WHAT NEEDS TO BE DONE → Reproduce, exactly and only, the lines of the data that follows from the one containing "Dit rubbersnoer met" down to the one containing "新款 专柜品质 Chrome", without pictures.

EXTRACTED ENTRIES →
****************

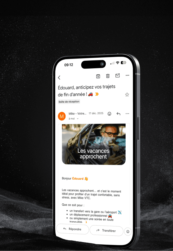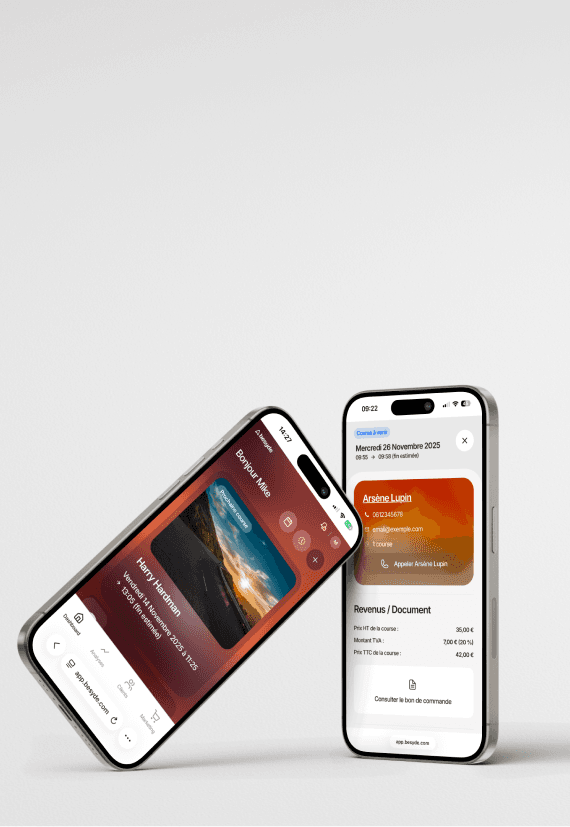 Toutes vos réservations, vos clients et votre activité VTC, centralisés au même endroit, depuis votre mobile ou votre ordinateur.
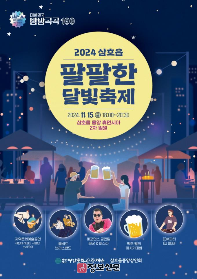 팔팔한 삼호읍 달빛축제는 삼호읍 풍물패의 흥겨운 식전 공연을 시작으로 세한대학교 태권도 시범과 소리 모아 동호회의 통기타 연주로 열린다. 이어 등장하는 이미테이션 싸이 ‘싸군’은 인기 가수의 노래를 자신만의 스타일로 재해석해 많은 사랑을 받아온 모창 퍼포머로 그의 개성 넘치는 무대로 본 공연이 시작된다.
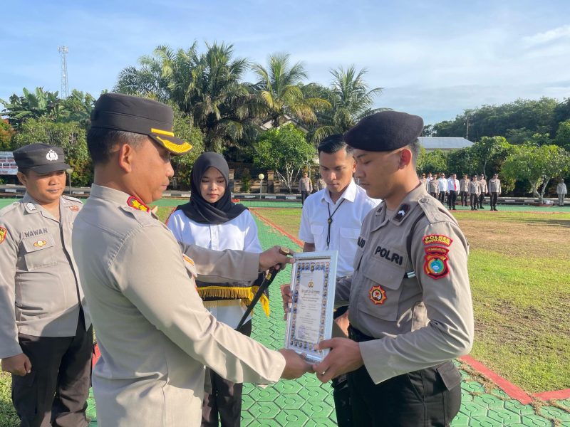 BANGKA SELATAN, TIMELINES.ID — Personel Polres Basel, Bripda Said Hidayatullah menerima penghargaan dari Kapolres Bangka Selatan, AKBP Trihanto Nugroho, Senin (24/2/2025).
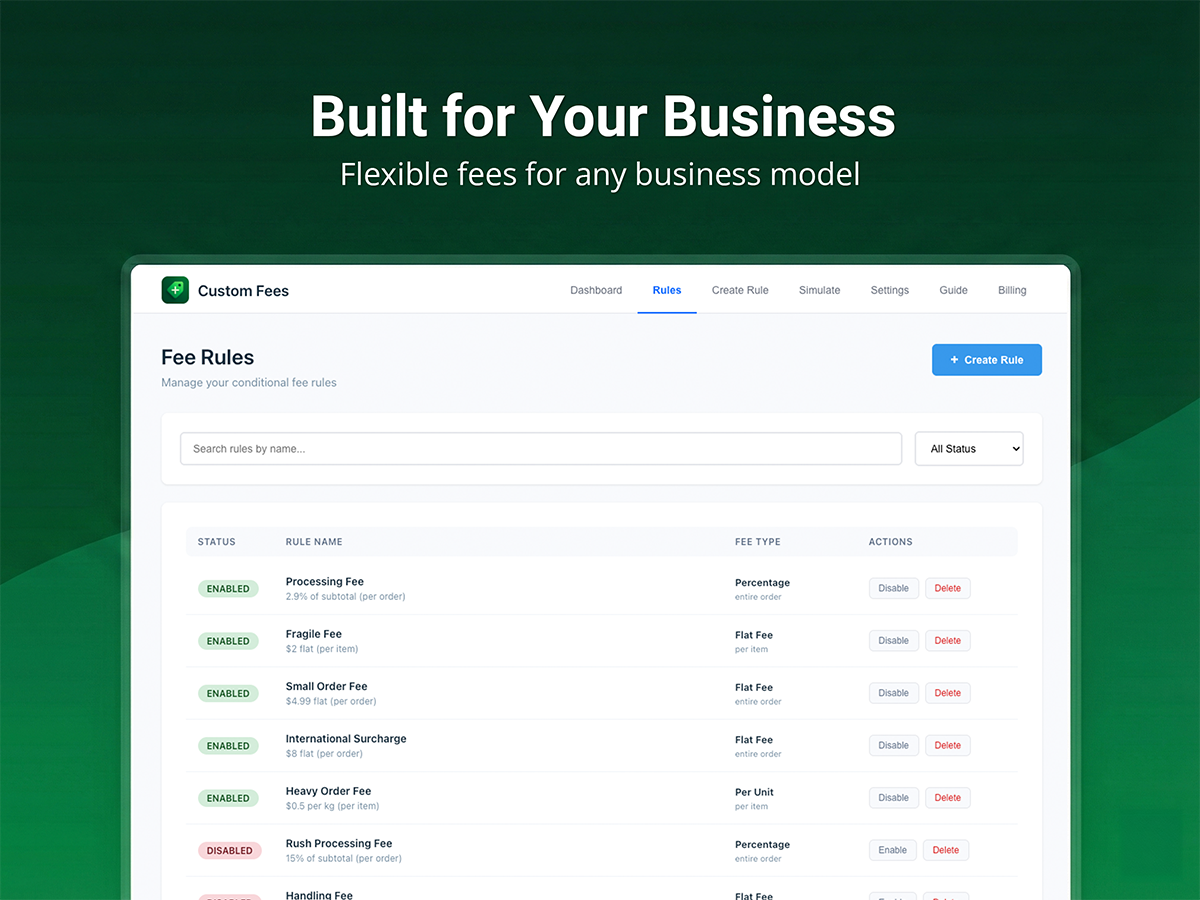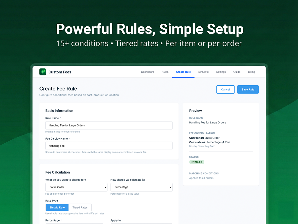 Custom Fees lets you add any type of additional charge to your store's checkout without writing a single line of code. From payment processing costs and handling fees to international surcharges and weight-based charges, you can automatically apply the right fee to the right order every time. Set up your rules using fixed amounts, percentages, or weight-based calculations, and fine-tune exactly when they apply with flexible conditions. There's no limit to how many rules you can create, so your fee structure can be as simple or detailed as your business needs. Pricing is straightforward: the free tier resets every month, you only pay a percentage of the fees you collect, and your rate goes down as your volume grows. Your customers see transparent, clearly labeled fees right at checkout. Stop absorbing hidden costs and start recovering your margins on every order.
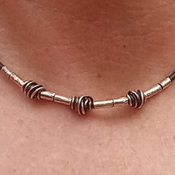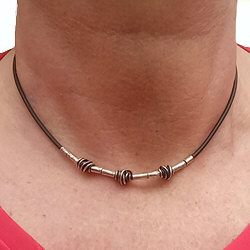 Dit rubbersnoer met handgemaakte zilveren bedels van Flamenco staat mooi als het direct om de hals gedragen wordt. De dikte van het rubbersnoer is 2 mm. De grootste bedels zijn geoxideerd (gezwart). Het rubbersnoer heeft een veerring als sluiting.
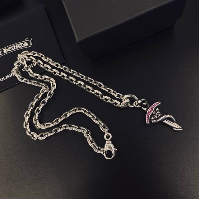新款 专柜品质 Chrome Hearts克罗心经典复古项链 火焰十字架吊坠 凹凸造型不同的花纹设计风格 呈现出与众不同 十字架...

****************

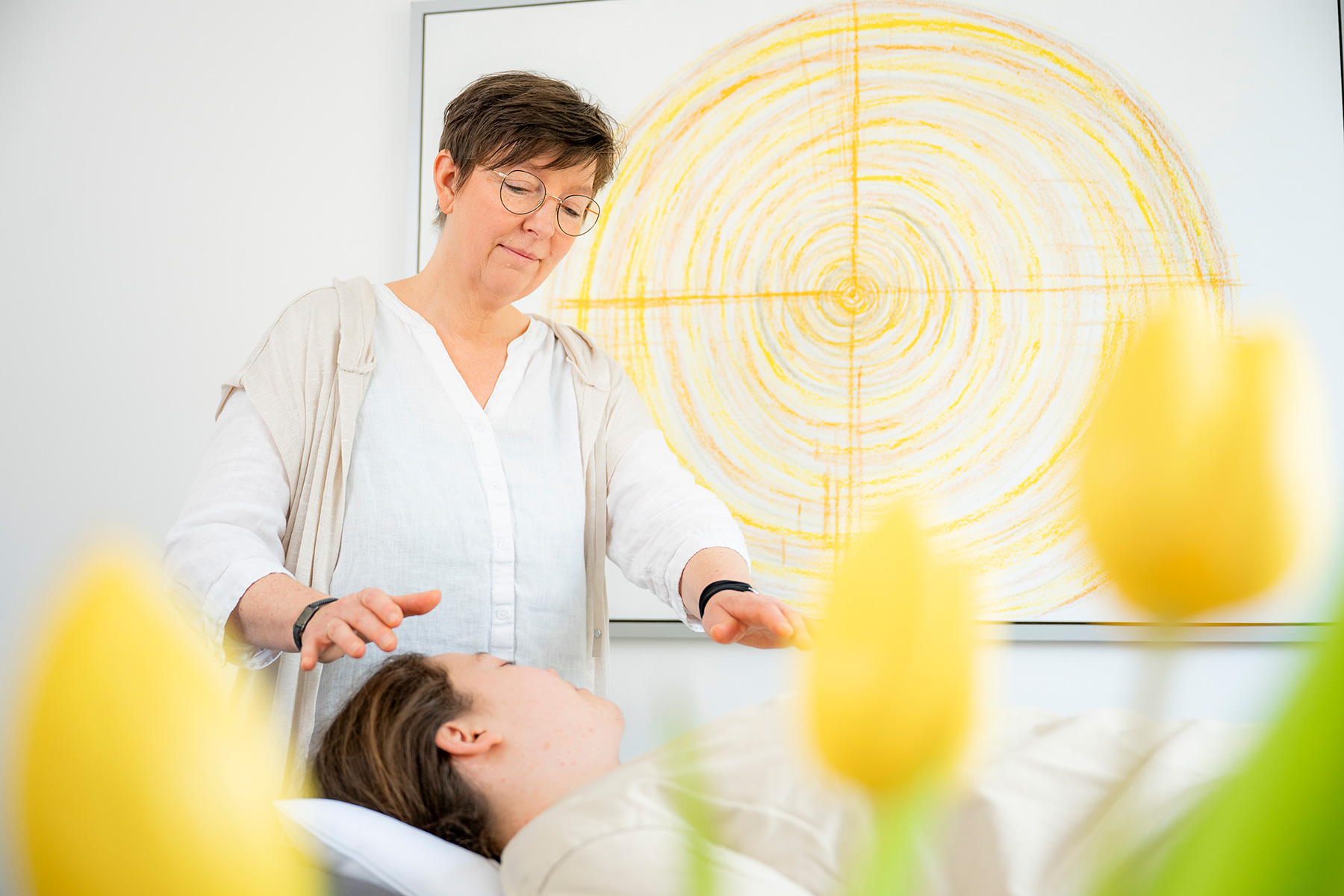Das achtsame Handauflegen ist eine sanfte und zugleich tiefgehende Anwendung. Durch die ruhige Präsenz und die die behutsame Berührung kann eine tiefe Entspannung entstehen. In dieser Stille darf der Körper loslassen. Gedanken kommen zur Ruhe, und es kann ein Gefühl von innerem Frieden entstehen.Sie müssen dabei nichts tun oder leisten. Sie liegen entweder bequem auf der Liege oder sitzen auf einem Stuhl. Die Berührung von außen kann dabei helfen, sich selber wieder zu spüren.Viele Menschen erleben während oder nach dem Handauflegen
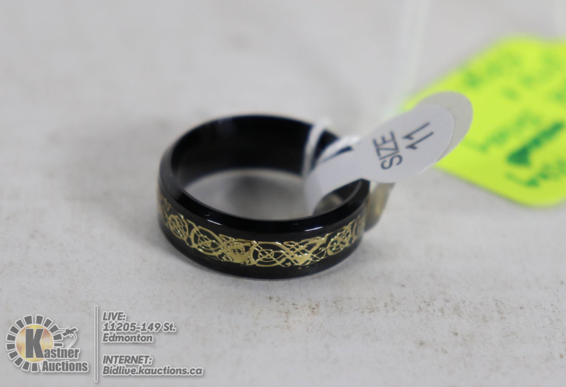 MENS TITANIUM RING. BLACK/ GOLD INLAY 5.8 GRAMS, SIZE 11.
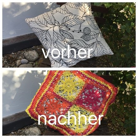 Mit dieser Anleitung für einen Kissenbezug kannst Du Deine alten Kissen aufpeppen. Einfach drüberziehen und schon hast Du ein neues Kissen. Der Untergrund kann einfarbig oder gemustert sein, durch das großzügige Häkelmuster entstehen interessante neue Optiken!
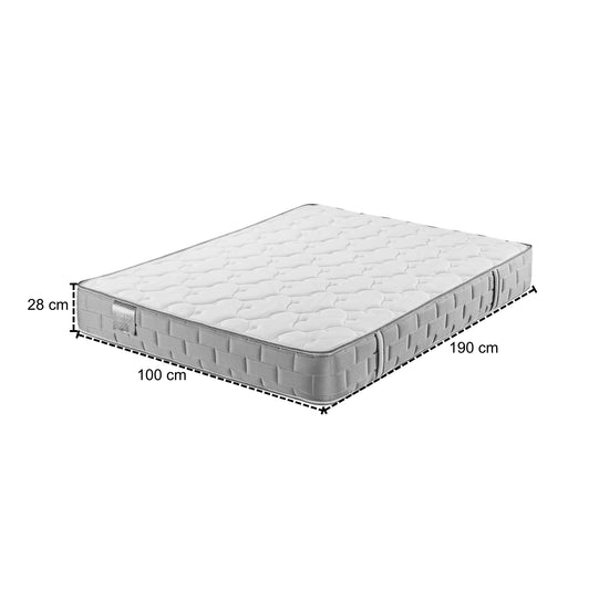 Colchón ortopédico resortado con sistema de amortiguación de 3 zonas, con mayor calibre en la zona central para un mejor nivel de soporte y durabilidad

****************

COMPLETED EXERCISE →
 Dit rubbersnoer met handgemaakte zilveren bedels van Flamenco staat mooi als het direct om de hals gedragen wordt. De dikte van het rubbersnoer is 2 mm. De grootste bedels zijn geoxideerd (gezwart). Het rubbersnoer heeft een veerring als sluiting.
新款 专柜品质 Chrome Hearts克罗心经典复古项链 火焰十字架吊坠 凹凸造型不同的花纹设计风格 呈现出与众不同 十字架...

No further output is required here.